(PROBLEM):
Starting at the line that contains "I decided to" and stopping after the line that contains "В наличии!! Большая", transcribe the listing below exactly; do not include any pictures.

(GIVEN RECORDS):
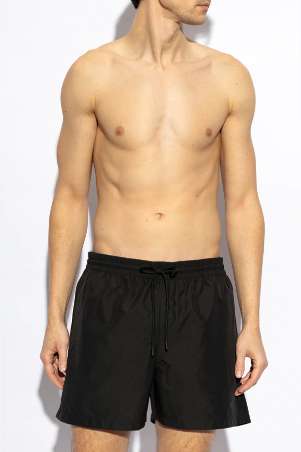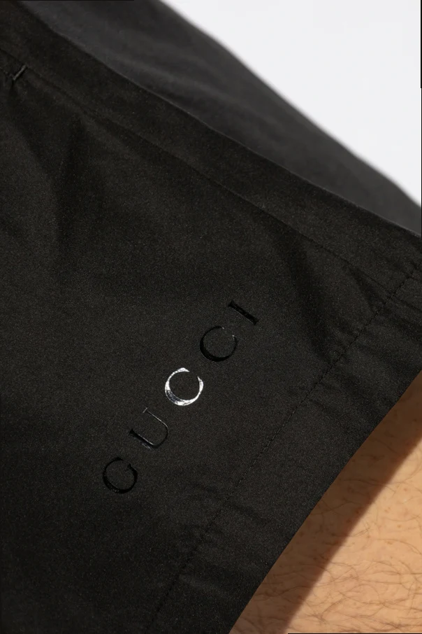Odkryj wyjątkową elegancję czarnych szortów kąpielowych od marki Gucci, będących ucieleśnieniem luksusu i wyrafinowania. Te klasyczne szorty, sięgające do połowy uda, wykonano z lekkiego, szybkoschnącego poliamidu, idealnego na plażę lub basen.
==
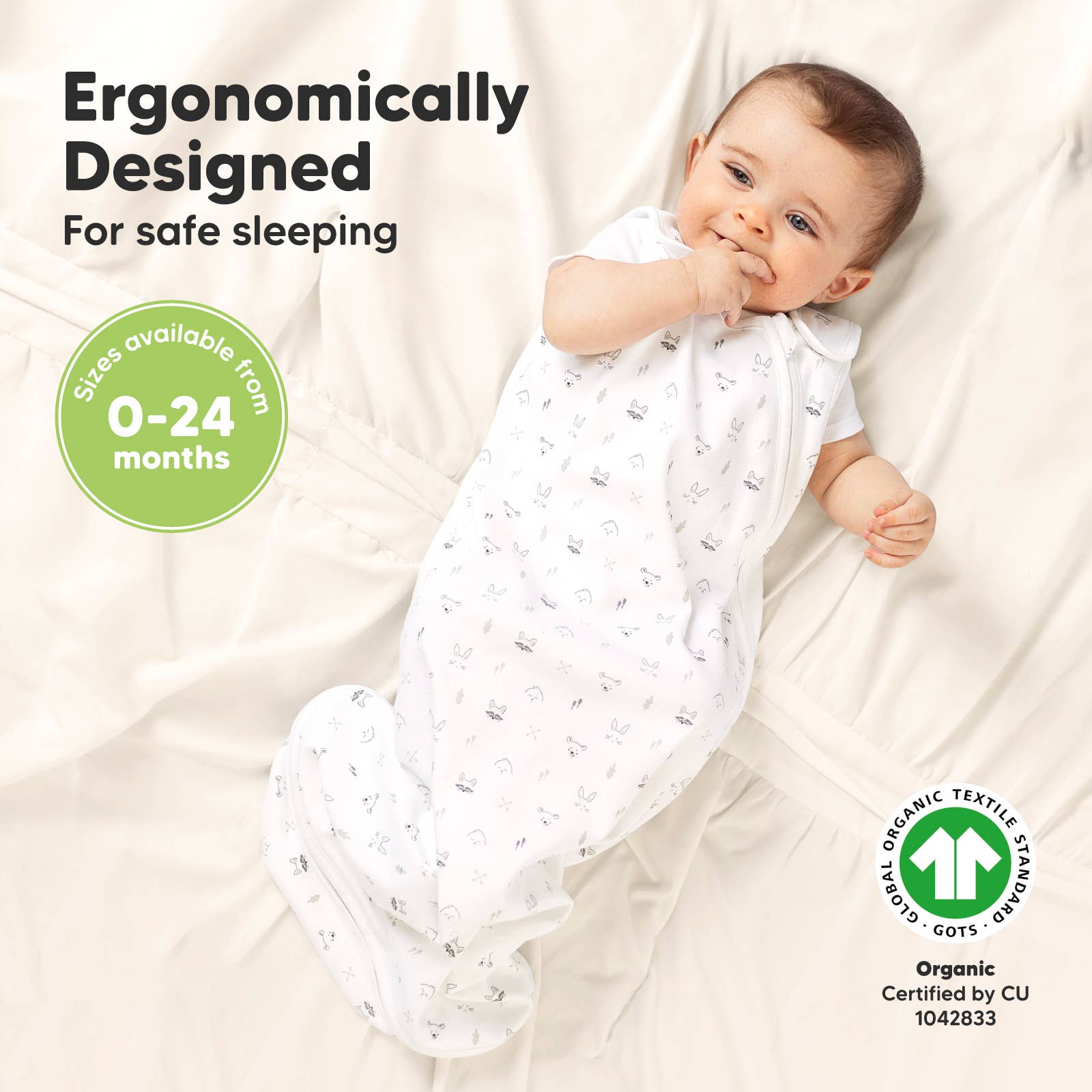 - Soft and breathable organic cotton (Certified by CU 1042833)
--
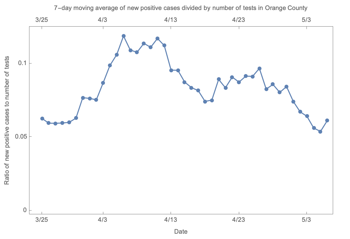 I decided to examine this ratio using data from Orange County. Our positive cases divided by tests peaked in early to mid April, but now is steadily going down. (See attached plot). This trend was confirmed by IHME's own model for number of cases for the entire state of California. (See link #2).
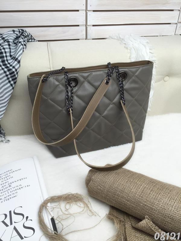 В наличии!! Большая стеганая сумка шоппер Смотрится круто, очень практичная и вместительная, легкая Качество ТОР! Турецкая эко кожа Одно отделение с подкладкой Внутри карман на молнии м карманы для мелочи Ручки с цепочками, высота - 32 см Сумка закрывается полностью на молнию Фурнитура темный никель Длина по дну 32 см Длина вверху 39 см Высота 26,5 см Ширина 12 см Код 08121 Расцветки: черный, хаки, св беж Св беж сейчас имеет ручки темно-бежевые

(ANSWER AREA):
 I decided to examine this ratio using data from Orange County. Our positive cases divided by tests peaked in early to mid April, but now is steadily going down. (See attached plot). This trend was confirmed by IHME's own model for number of cases for the entire state of California. (See link #2).
 В наличии!! Большая стеганая сумка шоппер Смотрится круто, очень практичная и вместительная, легкая Качество ТОР! Турецкая эко кожа Одно отделение с подкладкой Внутри карман на молнии м карманы для мелочи Ручки с цепочками, высота - 32 см Сумка закрывается полностью на молнию Фурнитура темный никель Длина по дну 32 см Длина вверху 39 см Высота 26,5 см Ширина 12 см Код 08121 Расцветки: черный, хаки, св беж Св беж сейчас имеет ручки темно-бежевые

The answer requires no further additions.